Tuesday, March 14, 2017

How to stop Trumpcare


Now that the CBO has lowered the score boom on Lyin' Paul Ryan's evilly inadequate healthcare plan, the Democrats still have to stop the usual immoral gang of Republicans from passing everything put in front of them. The reaction of ultra-reactionary Republicans who feel that the proposed plan does not hurt enough people may be the way to go.
Conservative lawmakers in the House and the Senate continued to attack the Republican health-care plan Tuesday after congressional budget analysts found it would dramatically increase the number of uninsured Americans while raising premium costs in the short term.

The reaction from Republican hard-liners to the Congressional Budget Office report cast doubt on the viability of the American Health Care Act, House Speaker Paul D. Ryan’s proposal to revise Obamacare, which could receive a House vote within two weeks.

Though the bill is projected to lower the federal budget deficit over the next decade and produce a 10 percent average decrease in premiums after that, skeptics on the right remain unconvinced that it would go far enough in pulling back elements of the Affordable Care Act.

“This bill doesn’t repeal Obamacare,” Rep. Jim Jordan (R-Ohio), a member of the House Freedom Caucus, told “Fox & Friends” on Tuesday morning.

“This bill doesn’t unite Republicans.
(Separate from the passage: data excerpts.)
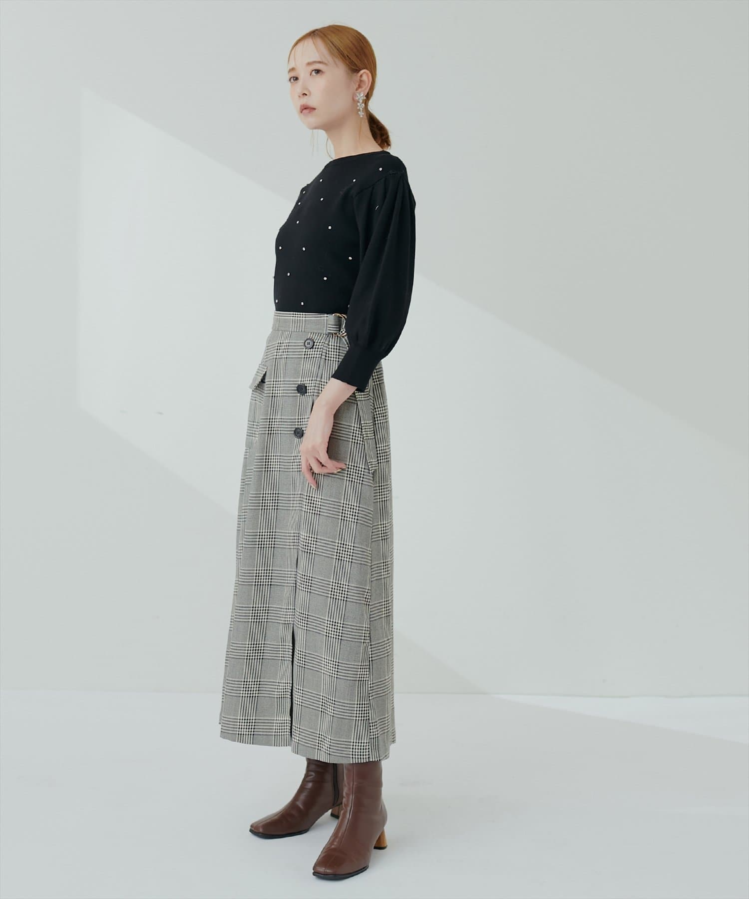 ウエストの左サイドにはDかんベルトが付いており、細部まで抜かりなくデザイン性の高い1着です。
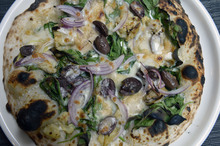 In refusing to be pinned down, the menu offers flexibility, though. If you want to keep things light, start with a wonderfully garlicky Little Gem Caesar Salad ($7). A side sliver of crisp bread stands in for the missing croutons adding texture, thankfully without ever threatening to crack a tooth. Pizza from the wood oven is of the thin-crust variety, and a Margherita pizza ($11) I sampled was pleasantly restrained with just a daub of San Marzano tomatoes, fresh mozzarella and basil. Still keeping things light, a pan roasted Idaho sturgeon ($25) was well executed, too, coming with celery root puree, pickled mushrooms and caramelized fennel.
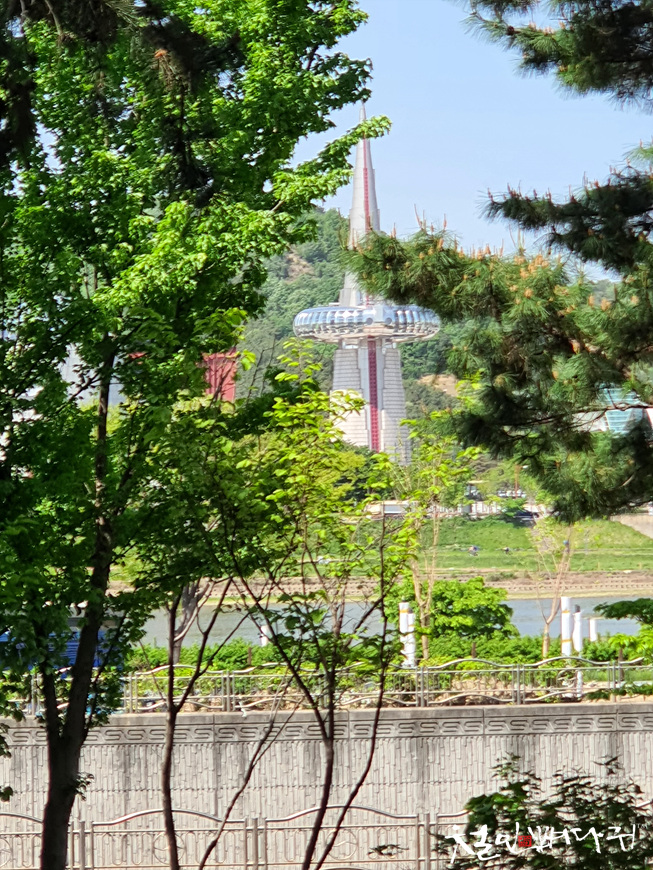 그늘막 있는 곳에서 멀리 보이는 구조물이
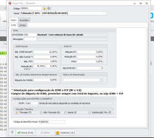 A aba Regra define o comportamento tributário padrão da empresa para o grupo de produto selecionado.

This bill doesn’t bring down the cost of premiums. . . . There’s a reason every major conservative organization in the country is opposed to this legislation.”

Meanwhile, the White House pushed back on a Politico report that its internal analysis on the impact of the AHCA showed an even steeper loss of health insurance than was calculated by the CBO.
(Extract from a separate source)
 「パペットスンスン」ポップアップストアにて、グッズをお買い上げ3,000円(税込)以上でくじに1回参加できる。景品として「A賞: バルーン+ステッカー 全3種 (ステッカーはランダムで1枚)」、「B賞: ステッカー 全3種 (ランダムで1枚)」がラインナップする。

“This story is totally misleading,” White House press secretary Sean Spicer tweeted. “The projection was an estimate of what CBO would conclude. It was not a [White House] analysis.”

The CBO report predicted that 24 million fewer people would have health insurance in a decade under the AHCA compared with the current system. According to Politico, the White House analysis found that 26 million more people would go without coverage under the GOP bill.
Despite Politico's effort to make the plan more palatable to the extremists, there are enough Republicans opposed to it and enough weakness on display in the leadership to form a coalition to stop it.